Problem details:
Write out all the data verbatim. Skip images.

Data provided:
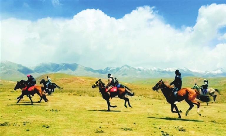 每年六月,在甘肅省張掖市肅南裕固族自治縣的夏日塔拉草原,都會例行舉辦賽馬會:裕固族同胞們約親邀友,身著禮服、腰系彩綾,或騎馬或乘摩托車或步行,從四面八方向會場涌來,可謂一路環(huán)佩錚響,馬嘶長鳴,粉紅黛綠,絡(luò)繹于道。把夏日塔拉湖邊的賽馬主會場變成了歡樂的海洋。
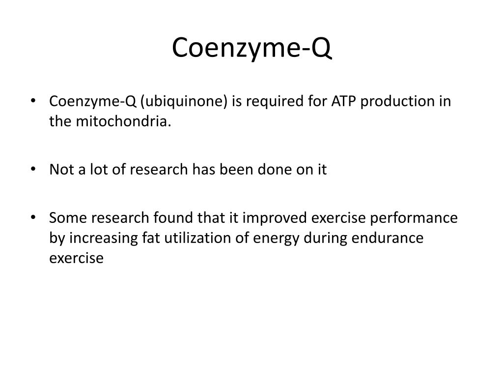 Coenzyme-Q • Coenzyme-Q (ubiquinone) is required for ATP production in the mitochondria. • Not a lot of research has been done on it • Some research found that it improved exercise performance by increasing fat utilization of energy during endurance exercise
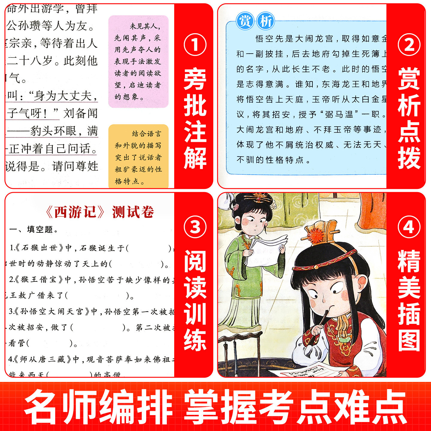 优翼漫画常考四大名著1001问正版四大名著人物关系考点速记 聚焦中小学高频考点覆盖西游记水浒传三国演义红楼梦 中小学生课外阅读
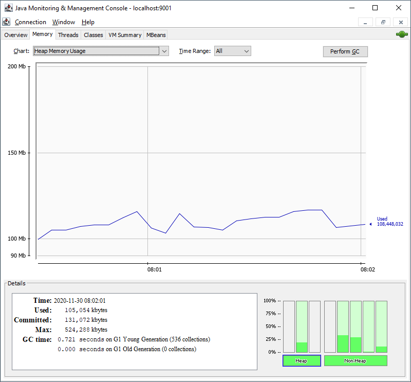 Die Memory-Übersicht zeigt die Auslastung des Arbeitsspeichers. Über die gesamte Zeit sollte sich hier ein Sägezahnmuster ergeben. Wird der Speicher verwendet, steigt die Kurve an. Sobald der Garbage Collector läuft, sollte die Kurve wieder abfallen.

Response:
 每年六月,在甘肅省張掖市肅南裕固族自治縣的夏日塔拉草原,都會例行舉辦賽馬會:裕固族同胞們約親邀友,身著禮服、腰系彩綾,或騎馬或乘摩托車或步行,從四面八方向會場涌來,可謂一路環(huán)佩錚響,馬嘶長鳴,粉紅黛綠,絡(luò)繹于道。把夏日塔拉湖邊的賽馬主會場變成了歡樂的海洋。
 Coenzyme-Q • Coenzyme-Q (ubiquinone) is required for ATP production in the mitochondria. • Not a lot of research has been done on it • Some research found that it improved exercise performance by increasing fat utilization of energy during endurance exercise
 优翼漫画常考四大名著1001问正版四大名著人物关系考点速记 聚焦中小学高频考点覆盖西游记水浒传三国演义红楼梦 中小学生课外阅读
 Die Memory-Übersicht zeigt die Auslastung des Arbeitsspeichers. Über die gesamte Zeit sollte sich hier ein Sägezahnmuster ergeben. Wird der Speicher verwendet, steigt die Kurve an. Sobald der Garbage Collector läuft, sollte die Kurve wieder abfallen.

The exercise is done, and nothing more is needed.